The eggs are popular because they are versatile for cooking and baking, and they are cheap. Bakers use them to bind the biscuits and cakes together, and help them brown baking.
Most of the food eaten at breakfast, where people often combine eggs with cheese, ham and bacon, all of which are sky high in saturated fats.
Fat
Seventy percent of the calories in an egg come from saturated fats, and they are very high in cholesterol with about 213 milligrams of cholesterol in the egg. Compared to regular hamburger has about 122 milligrams of cholesterol. All fat and cholesterol in the yolk.
Salmonella outbreak
Last summer, eggs made national news when the salmonella outbreak affected the number of poultry egg size in the Midwest. Salmonella is a bacteria that can pass from poultry and their waste on the content of the eggshell if this is the shell of weak or broken. The disease can be fatal, especially for young children and the elderly.

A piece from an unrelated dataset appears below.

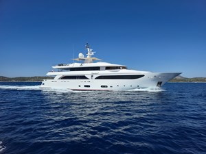 Key features include a fold-down transom beach club, gym with sauna, and expansive hull-side windows in guest suites. Built by CRN Ancona to ABS and RINA standards, she offers reduced maintenance costs.
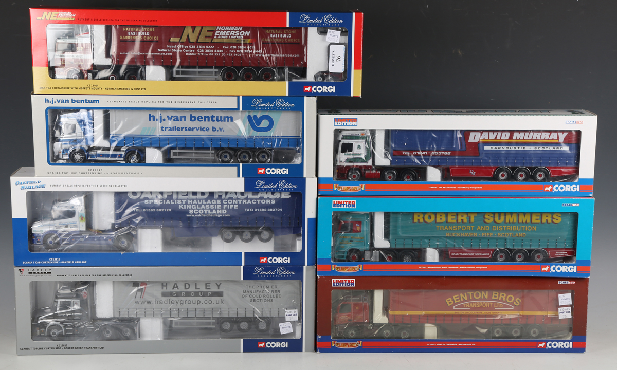Seven Corgi limited edition 1:50 scale articulated curtainside lorries, comprising CC13404 MAN TGA 'Norman Emerson & Sons Ltd', CC12812 Scania T Topline 'George Green Transport Ltd', CC12811 Scania T Cab 'Oakfield Haulage', CC12910 Scania Topline 'H.J. Van Betum', CC14005 Volvo FH 'Benton Bros Ltd', CC13803 Mercedes-Benz Actros 'Robert Summers Transport Ltd' and CC13229 DAF XF 'David Murray Transport Ltd', all boxed with tachograph type certificates.

In August 2010 large farms, like an egg Hillandale and Wright County Egg had to recall 171 million eggs because of possible contamination with salmonella. Scare depression sales for much of the fall and there were people looking for alternative products.Salmonella also infects beef and other meat usually.
Groups concerned about the animals they say salmonella is spreading rapidly in the huge farm chicken eggs, as tightly packed together all their lives and live in their own waste and push a large number of eggs produced by breeding and hormone supplements.
Last summer, the Food and Drug Administration has also introduced new rules for egg producers are designed to reduce disease risk taking in warehouses and distributed to consumers. Public advocates fear that the FDA does not have staff to ensure the new rules and with the Congress, which is to reduce the cost FDA, more salmonella outbreak may be inevitable in the future.